*INFORMATION PROVIDED*:
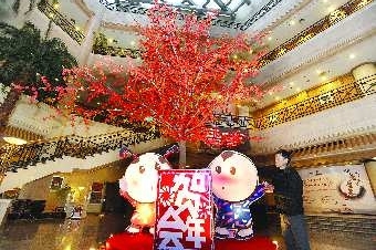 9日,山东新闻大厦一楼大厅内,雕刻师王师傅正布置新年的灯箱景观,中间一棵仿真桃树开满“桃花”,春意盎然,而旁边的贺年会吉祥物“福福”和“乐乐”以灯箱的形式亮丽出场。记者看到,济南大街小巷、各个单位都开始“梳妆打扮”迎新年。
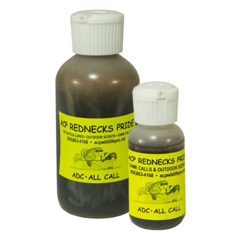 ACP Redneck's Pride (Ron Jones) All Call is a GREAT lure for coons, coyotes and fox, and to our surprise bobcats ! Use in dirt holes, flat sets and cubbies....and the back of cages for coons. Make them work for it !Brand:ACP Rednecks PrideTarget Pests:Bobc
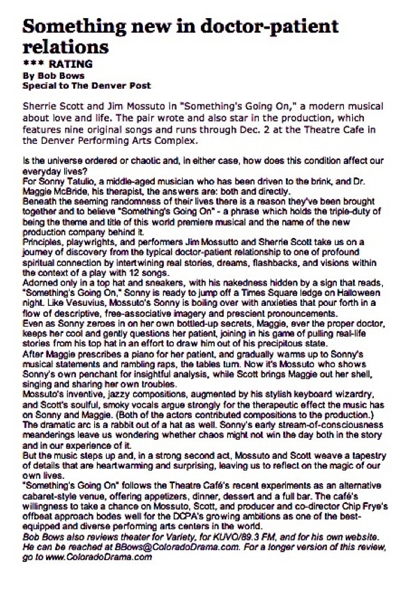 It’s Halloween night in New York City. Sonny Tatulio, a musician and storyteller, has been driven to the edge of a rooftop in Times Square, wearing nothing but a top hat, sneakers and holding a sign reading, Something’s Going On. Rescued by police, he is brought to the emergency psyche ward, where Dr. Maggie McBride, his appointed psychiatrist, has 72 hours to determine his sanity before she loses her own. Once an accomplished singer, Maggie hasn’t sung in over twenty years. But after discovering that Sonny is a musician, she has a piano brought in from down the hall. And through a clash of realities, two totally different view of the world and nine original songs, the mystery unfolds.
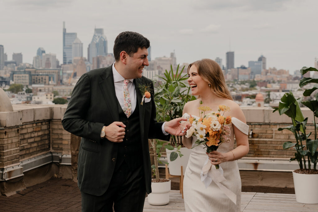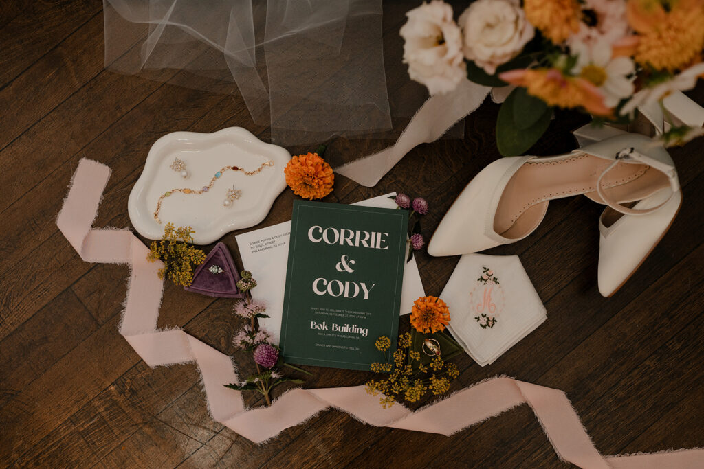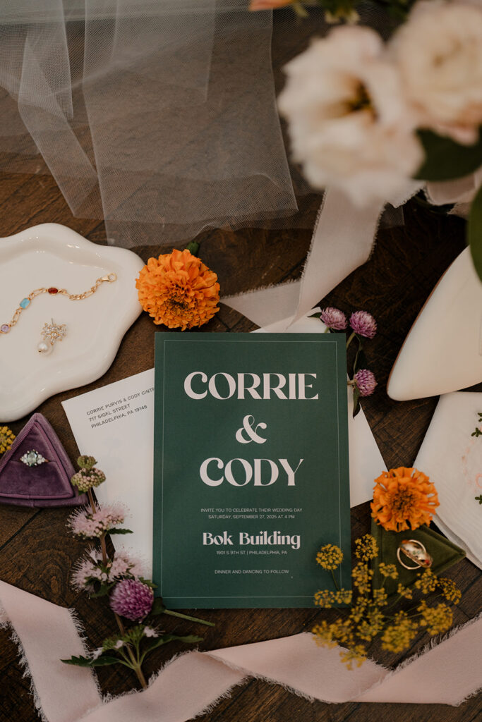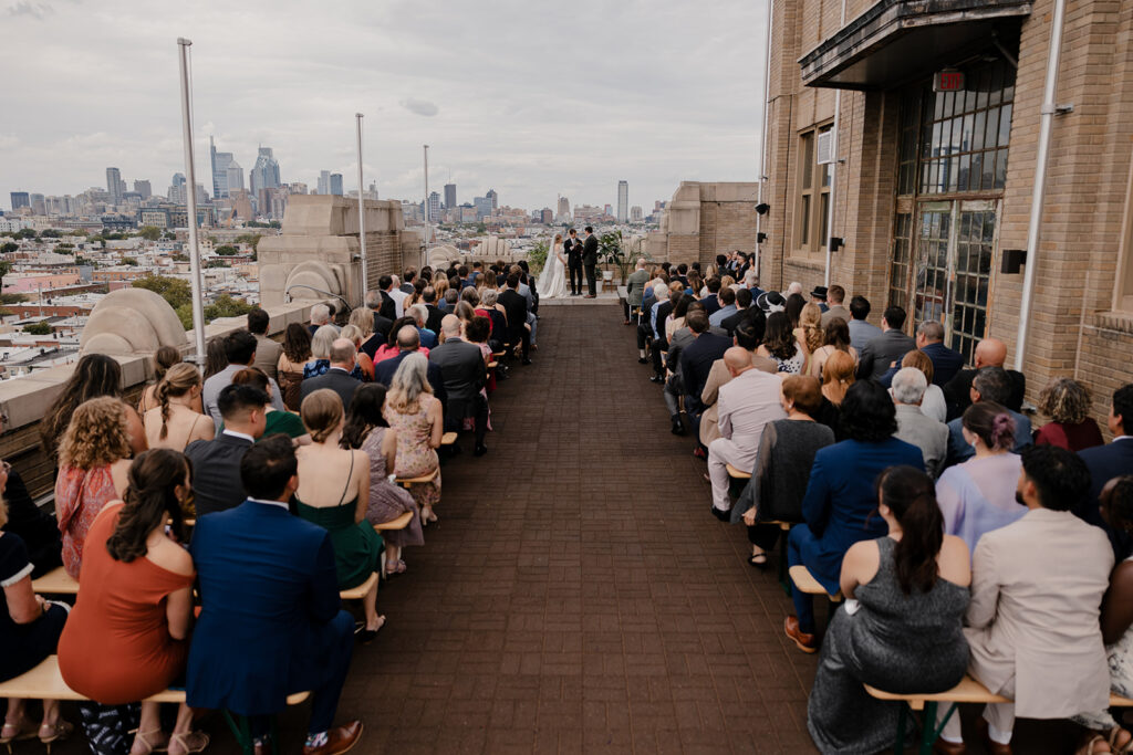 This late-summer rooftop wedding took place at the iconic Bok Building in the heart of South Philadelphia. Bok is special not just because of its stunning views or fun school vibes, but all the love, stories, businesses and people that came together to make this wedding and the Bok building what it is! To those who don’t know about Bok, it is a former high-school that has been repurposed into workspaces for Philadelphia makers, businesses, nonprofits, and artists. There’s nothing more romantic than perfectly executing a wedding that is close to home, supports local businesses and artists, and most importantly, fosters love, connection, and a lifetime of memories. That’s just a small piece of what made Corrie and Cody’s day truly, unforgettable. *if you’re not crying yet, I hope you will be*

*PROBLEM REQUIREMENTS*: Please give back exactly, and with no pictures, the lines from where the listing above begins through the line containing "ACP Redneck's Pride".

*OUTPUT*:
 9日,山东新闻大厦一楼大厅内,雕刻师王师傅正布置新年的灯箱景观,中间一棵仿真桃树开满“桃花”,春意盎然,而旁边的贺年会吉祥物“福福”和“乐乐”以灯箱的形式亮丽出场。记者看到,济南大街小巷、各个单位都开始“梳妆打扮”迎新年。
 ACP Redneck's Pride (Ron Jones) All Call is a GREAT lure for coons, coyotes and fox, and to our surprise bobcats ! Use in dirt holes, flat sets and cubbies....and the back of cages for coons. Make them work for it !Brand:ACP Rednecks PrideTarget Pests:Bobc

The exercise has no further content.